I'm considering an aluminium case (Hammond diecast enclosure, 1590DBK, 187x119x56mm), that's screwed on to the Intel NUC's 2 mounting holes, with a larger hole in the base to route the power, data cables, and maybe allow some air flow.
For power, could I run a wire off the 19V power supply (internal), in a safe way to power a 4TB Western Digital Red hard drive (WD40EFRX), which needs a 5V and 12V supply, 1.75 amperes (peak), at 4.5 watts.
Maybe using two linear voltage regulators to provide 5V and 12V (e.g. L78S05CV and L78S12CV)?
These can accept an input up to 35V, current up to 2 amperes, and have a thermal resistance of 5 °C/W junction-case or 50 °C/W junction-ambient.
Or, as per @bimpelrekkie's suggestion, a fixed switching regulator (e.g. LM2596T-12 and LM2596T-5.0.
But I'm not sure:
Would this be appropriate for a hard drive? Can it provide a clean enough power supply, and keep running for a long period of time (4+ years).
Would it produce too much heat? I'm considering getting some 20x15x10mm heatsinks, with 3M screws, for the 3.75mm hole.
Is there a good way to connect them to the aluminium case, assuming a heatsink? I don't think solder works, or thermal tape would hold well enough, so maybe an epoxy that can also handle high temperatures (just to be sure.)
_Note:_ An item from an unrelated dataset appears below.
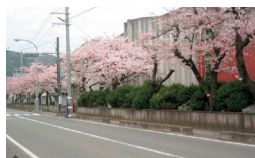
●校舎を囲む被災木（被災前）

Will the 90W power supply be happy with the extra load? The computer currently uses 25W while running both of the CPU cores at 100%.
Where I'd connect the 19V supply to the 12V regulator first, should the 5V regulator connect to the 12V (so there is less of a drop from 12V to 5V, maybe helping with heat/life,) or should I connect it directly to 19V (so there is less current being pulled though the 12v regulator?) i.e. series or parallel?
Is there another way of doing this? Maybe two DC-DC step down buck converters? I've never used these before, they do look interesting, but I don't know how reliable they are.
And is there anything else I should consider with this setup?
Previously I've used a separate power supply, with an external USB hard drive, but this has introduced 2 extra wires, and where this computer will be in an office 4+ hours away, I don't want to do that journey because one of the cables have "fallen out" (at least if the computer only has 1 cable, I can get someone non-technical to check it).